World Archives Project: International Characters and Diacritics
There are many projects within the World Archives Project that use international characters or diacritics. In order to maintain the integrity of documents, keyers are asked to key all diacritical marks as seen on the original image.
What is a diacritic?
A diacritic is a glyph that accompanies a letter and is mainly used to change the sound of the letter. A diacritical mark typically appears above or below a letter but they can be positioned within the letter itself.
Examples: Ã Ę Ł
Map of International Characters used in the World Archives Project
How to enter diacritical marks in the keying tool
In some cases you'll need to enter international characters that are not found on your computer's keyboard. To enter the characters, click the International characters icon located in the menu bar just above the form where data is entered. Once the International Characters window appears, click the character you wish to enter once to highlight it, then select the Insert button. Alternately, you can double click on the letter and it will insert it for you.
When you key letters that have diacritical marks, you should only use the international character set provided or the numeric shortcut shown in the keying tool. In the image above the capital letter A with acute is highlighted. This letter also has a numeric shortcut of Alt+0193
Note: Not all diacritics will have a shortcut displayed.
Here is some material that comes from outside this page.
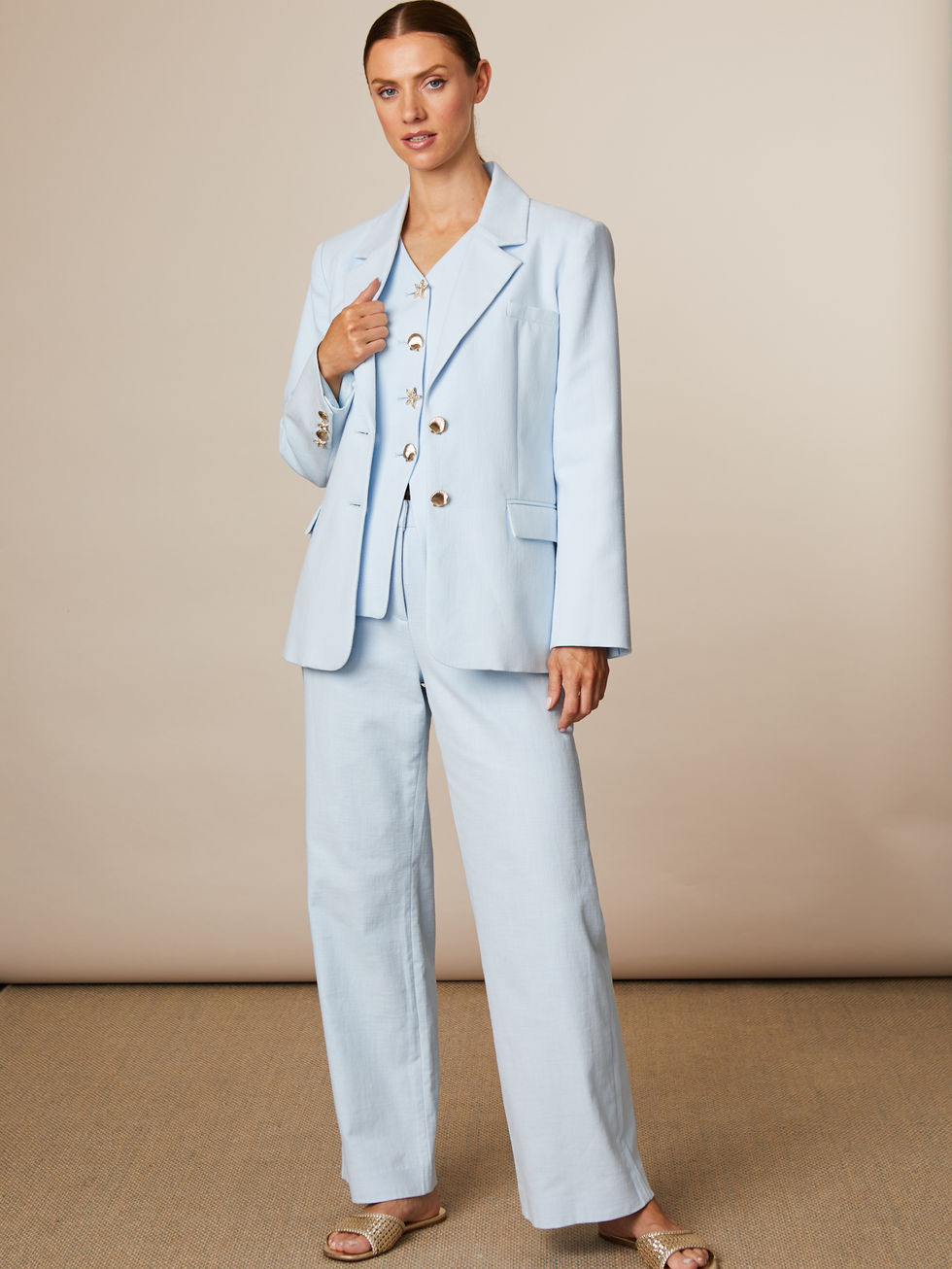 The Jade tailored waistcoat is constructed in breathable 100% Cotton with a sleek V-shaped neckline. Designed with a back vent, featuring a flattering silhouette, finished with playful gold seashell buttons. This piece layers perfectly over crisp shirts or worn alone for a fresh, modern look.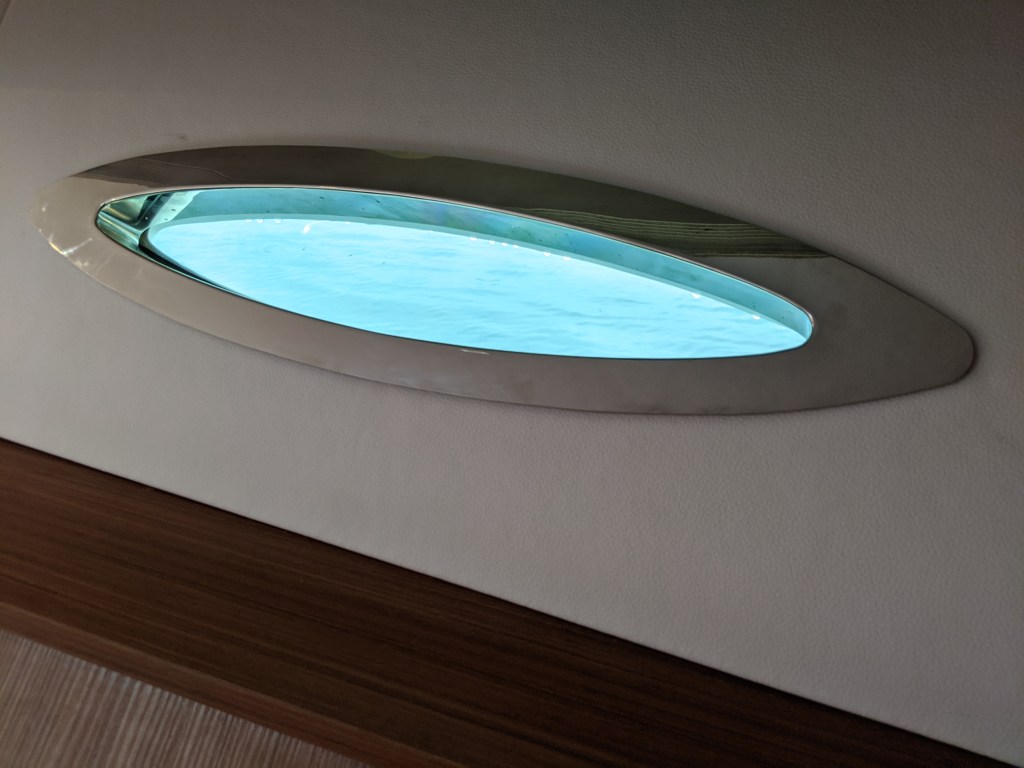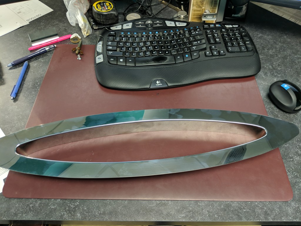I also had an oval trim sample made for the v-berth windows. This is made from mirrored stainless.

Do not use other keyboard shortcuts.
There can be and are multiple methods of getting the same diacritic to display using special combinations of keys, but the character will not be recognized during processing in the World Archives tool and will cause errors.
Known problems with Windows XP
There are some diacritics that older Microsoft Windows operating systems do not fully recognize. Windows XP default fonts for example do not recognize some diacritics such as the Romanian T-comma. When your operating system does not recognize a particular diacritic you may see words in the wiki pages or in the keying tool (particularly during review and arbitration) that look like they have a box inserted as a letter.
Example: Mie□dzyrzecz instead of Międzyrzecz.
These errors are typically happening with letters that have a ring such as ů or a letter with a comma, cedilla, (ș ş) or in the example above the E ogonek.
Windows XP Remedies
One way to remedy this is to upgrade your operating system to Windows Vista or Windows 7.
If upgrading is not possible and you are running Windows XP, you may be able to install the European Union Expansion Font Update, which adds support for 6 additional characters: Ș, ș, Ț, ț, Ѝ, ѝ (s and t with comma, Cyrillic i with grave ). If these characters display correctly, you do not need to install this.
Note: Ancestry.com does not endorse, guarantee or provide support for any of these products.
Notes for Arbitrators and Reviewers
Arbitrators and reviewers who are using Windows XP operating systems: If you see the □ displayed when you are reviewing or arbitrating an image set, you will want to consider getting the font update described above. Since you do not have the ability to see the correct diacritic you will need to key the proper diacritic using the international characters symbols provided to ensure the proper diacritic is being entered. If all keyers use the same method of entering in diacritics, then during arbitration the system will not flag them as a discrepancy to be arbitrated.